Manthra: Ceux qu´on va voir ont une puissance inouie mais malheureusement il n´en est pas de même concernant leur finesse d´esprit.
Kéia: Manthra! Commence pas!
La Leitorine émit un léger grognement, et Kéia garda le silence.
Ils traversèrentun dédale de rue où les gamins jouaient pieds nus dans la neige, habillés en Gavroche, au milieu des adultes tous plus grands que la moyenne humaine, et de leurs symbiotes.
Les trois (quatre si on compte celui qui n´est utile que pour l´entrée) arrivèrent devant un immense portail de métal noir, en plein centre, dan un quartier où les gens étaient pour la plupart habillés de costumes noirs, même les femmes (qui étaient parfois difficiles à différencier des hommes puisque ceux-ci portaient aussi les cheveux longs parfois, et elles n´avaient pas toujours grand chose à envier à la musculature masculine). Derrière se trouvait un escalier dont la largeur était impressionnante et masquait la longueur.

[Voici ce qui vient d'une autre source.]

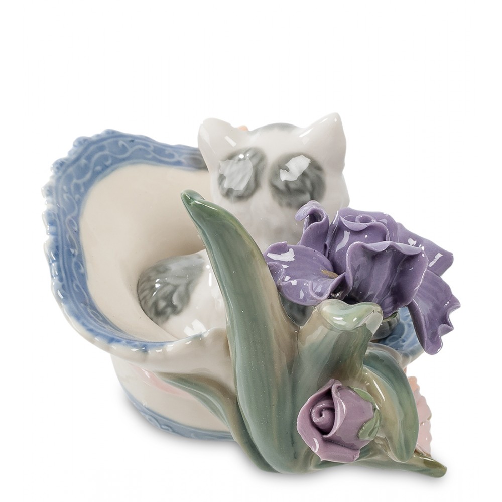 Милый белый котенок в пепельные пятна игриво выглядывает из большой широкополой летней шляпы, создавая атмосферу беззаботности и юности. Ярким цветным акцентом этой композиции по праву можно назвать большой фиолетовый цветок, с причудливо изогнутыми лепестками, на заднем плане. Все это фарфоровое великолепие настолько динамично, что будто вот-вот оживет и маленький котик, наконец, совершит решающий прыжок в погоне за бабочкой.
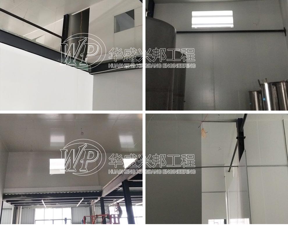 成都天厨生物科技有限公司厂房装修现场,板材施工中
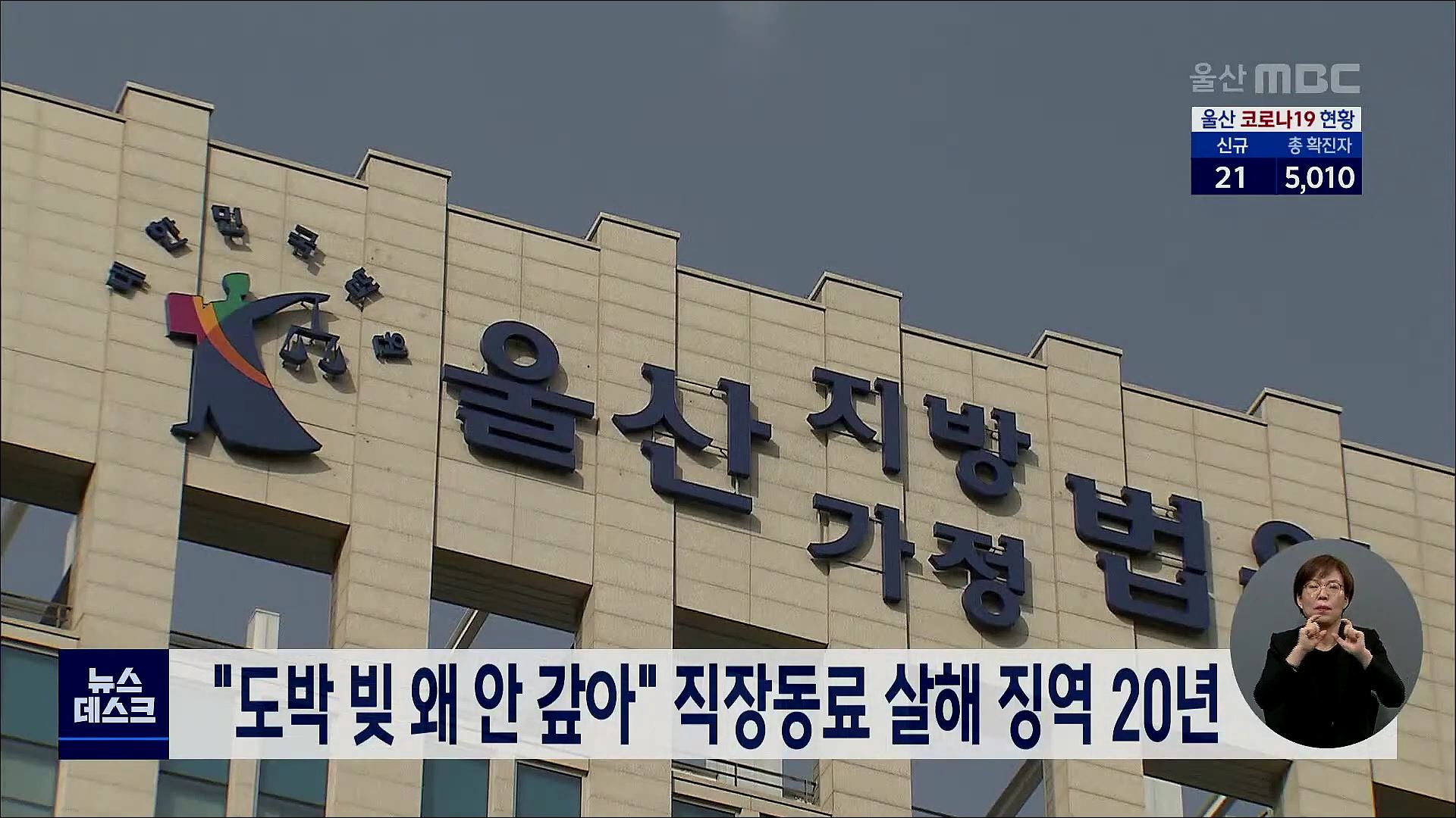울산지법 형사11부는 도박빚을 갚지 않은 직장 동료를 살해한 혐의로 기소된 50대 A씨에게 징역 20년을 선고했습니다. A씨는 지난 3월 북구의 한 주차장에서 도박 자금 1천150만 원을 빌려간 직장 동료를 흉기로 찌르고 방치해 숨지게 한 혐의로 재판에 넘겨졌습니다.//
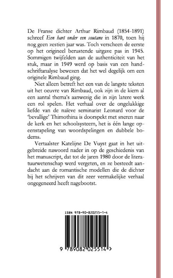 De Franse dichter Arthur Rimbaud (1854-1891) schreef 'Een hart onder een soutane' in 1870, toen hij nog geen zestien jaar was. Toch verscheen de eerste op het origineel berustende uitgave pas in 1945. Sommigen twijfelden aan de authenticiteit van het stuk, maar in 1949 werd op basis van een handschrift-analyse bewezen dat het wel degelijk om een originele Rimbaud ging.
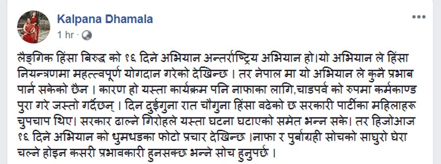 पुर्व मन्त्री धमलाले लैङ्गिक हिंसा बिरुद्धको दिवसको अवसरमा आफ्नो सामाजिक संजालमा पोष्ट गर्दै भन्छिन्, हिजोआज १६ दिने अभियानको धुमधडका फोटो प्रचार देखिन्छ । नाफा र पुर्बाग्रही सोचको साघुरो घेरा चल्ने होइन कसरी प्रभावकारी हुनसक्छ भन्ने सोच हुनुपर्छ ।
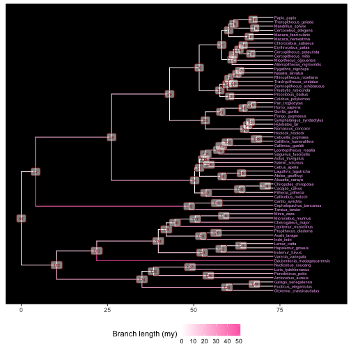 In this tutorial, I build some fancy primate phylogeny plots that demonstrate the features of ggtree I have found most useful for displaying comparative data and the results of ancestral state reconstructions (ASRs). Although I don’t cover the full breadth of the ggtree vignette, I do go a bit beyond the vignette in a couple of places (e.g., providing a function to annotate multiple nodes with different external images). A thorough overview of ggtree capabilities can be found in the package vignette, and tutorials written by the package author here and here.
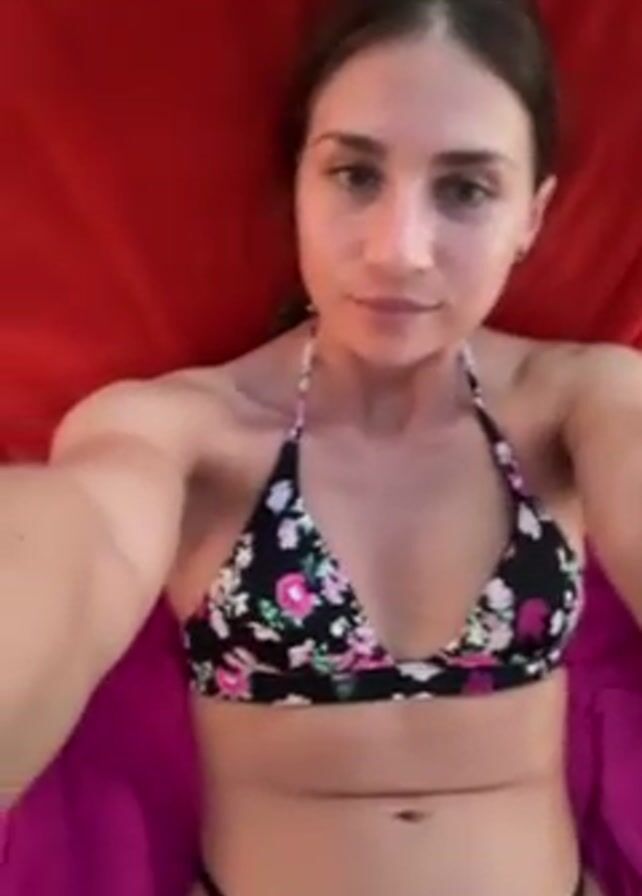 A woman with brown hair pulled back is lying on a red surface with a purple cloth underneath her. She is wearing a black floral bikini. She is looking at the camera, and her face is in focus. The camera is held at an angle above her. Bird sounds can be heard in the background.
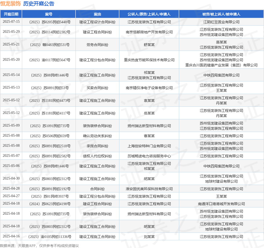 本站消息,根据天眼查APP显示,近日公布了一则江苏恒龙装饰工程有限公司作为被告/被上诉人的开庭公告,详细内容如下:
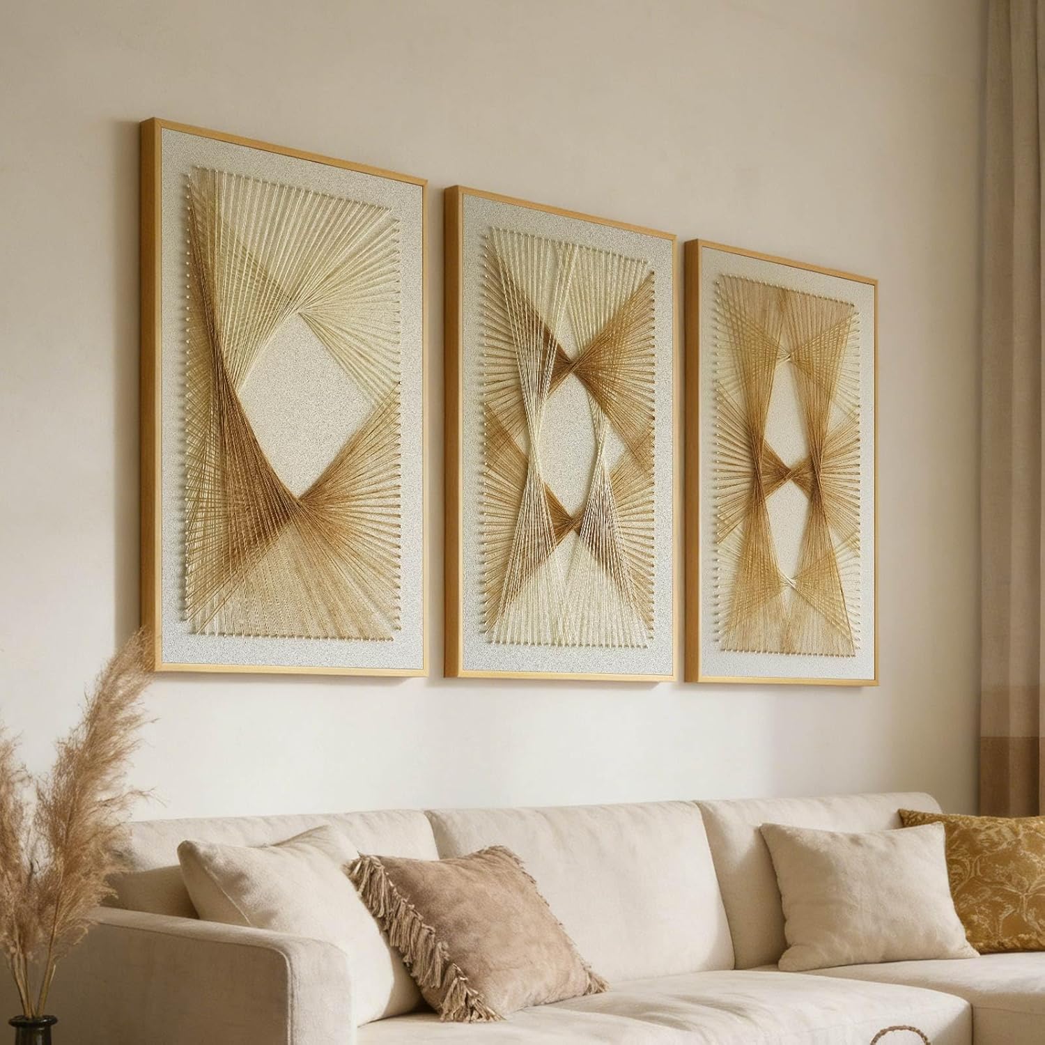 Elevate Your Space with Thalasse 3D Abstract Eye Artistry The Thalasse A601-0 is a masterclass in texture and symbolism. Moving beyond traditional painting, this piece uses the tension of linen strings and the grit of natural sandstone to form a "Vision" that you can see and feel. It’s designed for those who appreciate the intersection of industrial texture and hand-crafted art. Specifications: Design: Multi-dimensional Abstract Human Eye Q: Is the installation hardware included? A: Yes, each piece comes with 4 pre-installed heavy-duty hooks and a full installation kit including positioning paper, a level, gloves, and two types of nails for different wall types. Q: Is the texture prone to dust? A: The matte sandstone and hemp materials are durable. We recommend a light dusting with a soft brush or compressed air to maintain the intricate string patterns. Frame made of FSC-Certified wood.

Tout en haut, une autre muraille, moins grande que la pricipale, était coupée en son centre par un autre portail, beucoup plus important que celui du bas.
Manthra stoppa assez loin du portail mais ne laissa pas Goran descendre (celui-ci n´eut pas l´air d´en avoir envie, d´ailleurs).
Kéia, elle s´avança vers un des molosses qui gardaient l´entrée, et bien qu´elle même fit plus d´1m80, l´homme la dépassait de plusieurs têtes.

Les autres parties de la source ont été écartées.